Goal of the exercise | Each line in the material below, starting at the one with "Con spina 10A" and ending at the one with "Women Fashion Print", is to be reproduced exactly; no picture is to be copied.

Source material |
※
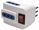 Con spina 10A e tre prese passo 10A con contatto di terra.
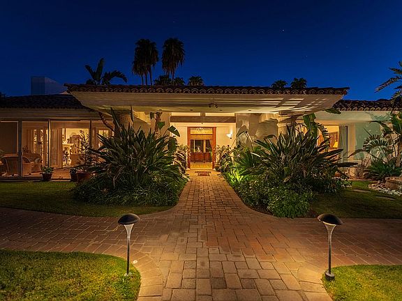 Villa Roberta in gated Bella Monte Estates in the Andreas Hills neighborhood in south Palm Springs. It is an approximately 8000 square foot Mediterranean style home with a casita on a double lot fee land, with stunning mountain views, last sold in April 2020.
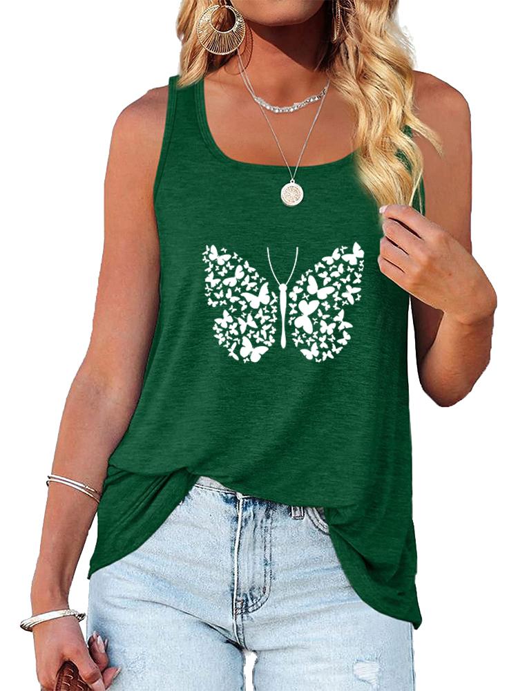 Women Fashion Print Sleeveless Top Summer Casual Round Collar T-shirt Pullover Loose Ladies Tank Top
※
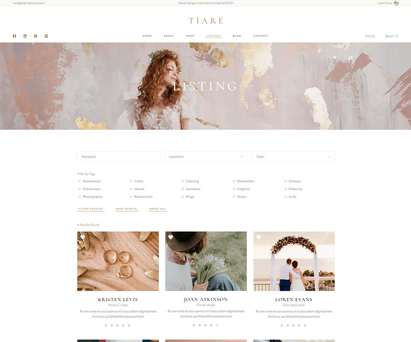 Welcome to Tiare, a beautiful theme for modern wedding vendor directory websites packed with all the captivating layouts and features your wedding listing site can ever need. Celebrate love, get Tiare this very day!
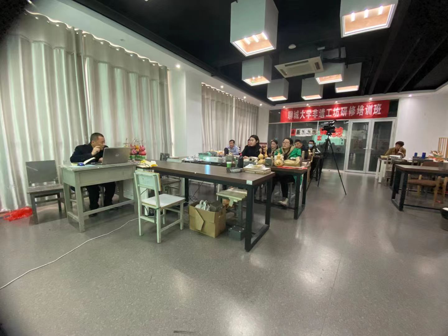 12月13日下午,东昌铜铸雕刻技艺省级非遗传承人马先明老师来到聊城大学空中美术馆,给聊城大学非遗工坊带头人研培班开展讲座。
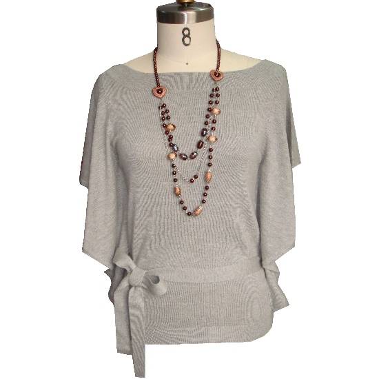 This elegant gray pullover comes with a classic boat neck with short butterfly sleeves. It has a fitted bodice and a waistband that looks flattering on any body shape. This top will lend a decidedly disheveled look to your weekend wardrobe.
※
Solution for this task |
 Con spina 10A e tre prese passo 10A con contatto di terra.
 Villa Roberta in gated Bella Monte Estates in the Andreas Hills neighborhood in south Palm Springs. It is an approximately 8000 square foot Mediterranean style home with a casita on a double lot fee land, with stunning mountain views, last sold in April 2020.
 Women Fashion Print Sleeveless Top Summer Casual Round Collar T-shirt Pullover Loose Ladies Tank Top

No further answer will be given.